■ **DATA BLOCK**:
==========

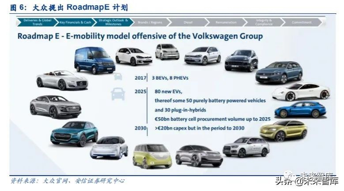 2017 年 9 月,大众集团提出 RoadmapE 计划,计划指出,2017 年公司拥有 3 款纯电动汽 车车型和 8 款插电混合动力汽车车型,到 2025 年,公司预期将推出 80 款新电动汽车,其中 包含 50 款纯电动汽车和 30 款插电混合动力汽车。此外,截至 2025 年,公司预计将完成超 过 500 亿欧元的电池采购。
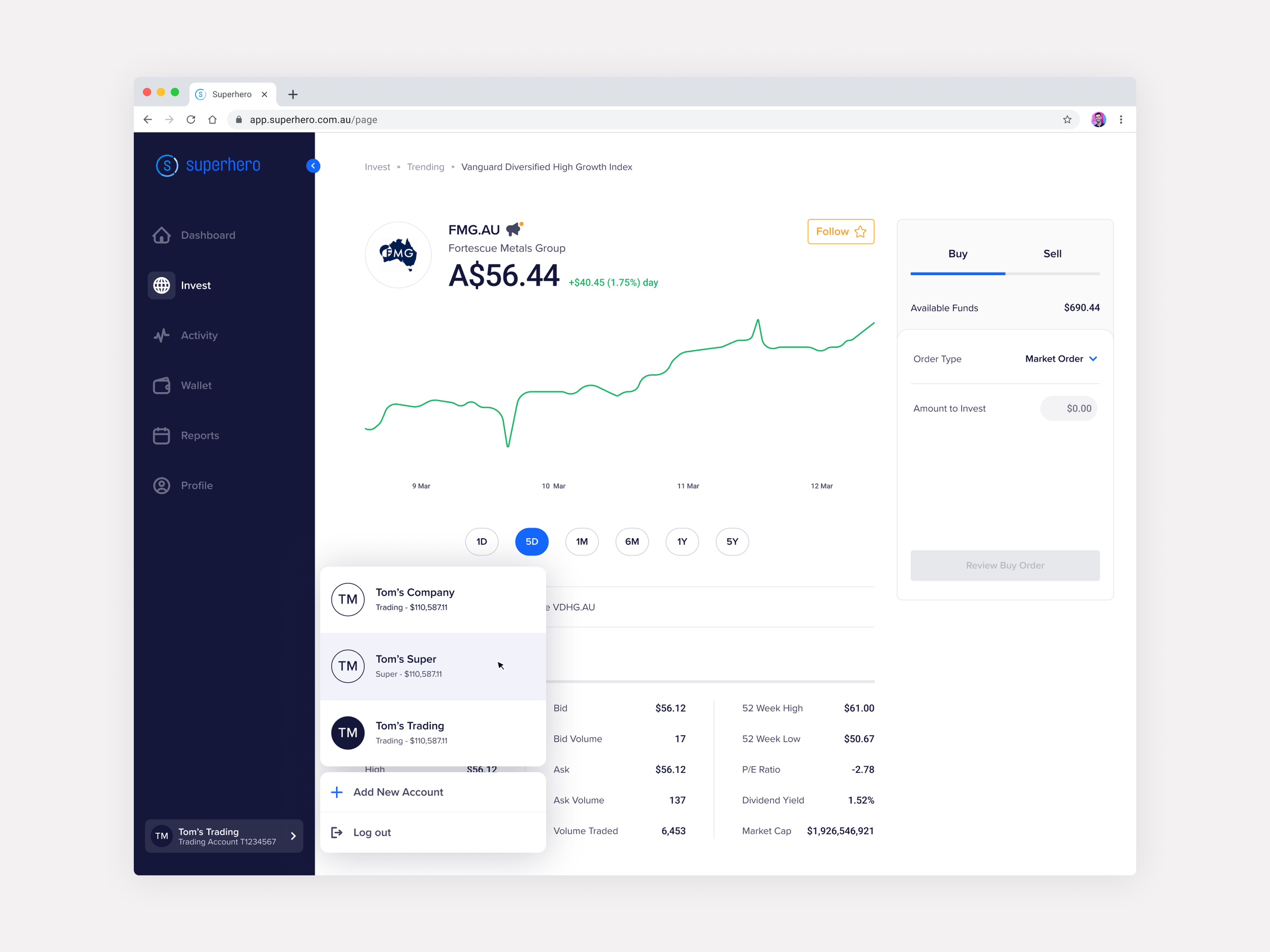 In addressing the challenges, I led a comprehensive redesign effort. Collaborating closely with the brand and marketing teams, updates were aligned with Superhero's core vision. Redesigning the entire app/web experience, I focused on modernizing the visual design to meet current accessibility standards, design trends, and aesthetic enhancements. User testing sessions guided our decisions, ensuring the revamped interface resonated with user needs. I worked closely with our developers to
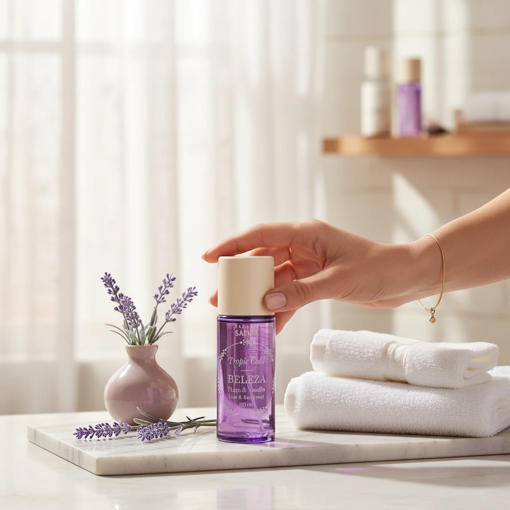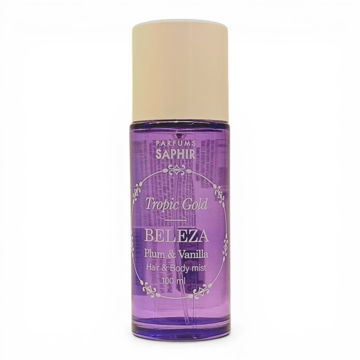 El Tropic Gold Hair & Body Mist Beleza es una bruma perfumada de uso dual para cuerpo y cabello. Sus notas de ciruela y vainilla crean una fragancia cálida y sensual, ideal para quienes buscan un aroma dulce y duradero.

==========

■ **ACTIVITY**: Copy the listing above word for word. Do not include the pictures.

■ **SOLVED EXERCISE**:
 2017 年 9 月,大众集团提出 RoadmapE 计划,计划指出,2017 年公司拥有 3 款纯电动汽 车车型和 8 款插电混合动力汽车车型,到 2025 年,公司预期将推出 80 款新电动汽车,其中 包含 50 款纯电动汽车和 30 款插电混合动力汽车。此外,截至 2025 年,公司预计将完成超 过 500 亿欧元的电池采购。
 In addressing the challenges, I led a comprehensive redesign effort. Collaborating closely with the brand and marketing teams, updates were aligned with Superhero's core vision. Redesigning the entire app/web experience, I focused on modernizing the visual design to meet current accessibility standards, design trends, and aesthetic enhancements. User testing sessions guided our decisions, ensuring the revamped interface resonated with user needs. I worked closely with our developers to
 El Tropic Gold Hair & Body Mist Beleza es una bruma perfumada de uso dual para cuerpo y cabello. Sus notas de ciruela y vainilla crean una fragancia cálida y sensual, ideal para quienes buscan un aroma dulce y duradero.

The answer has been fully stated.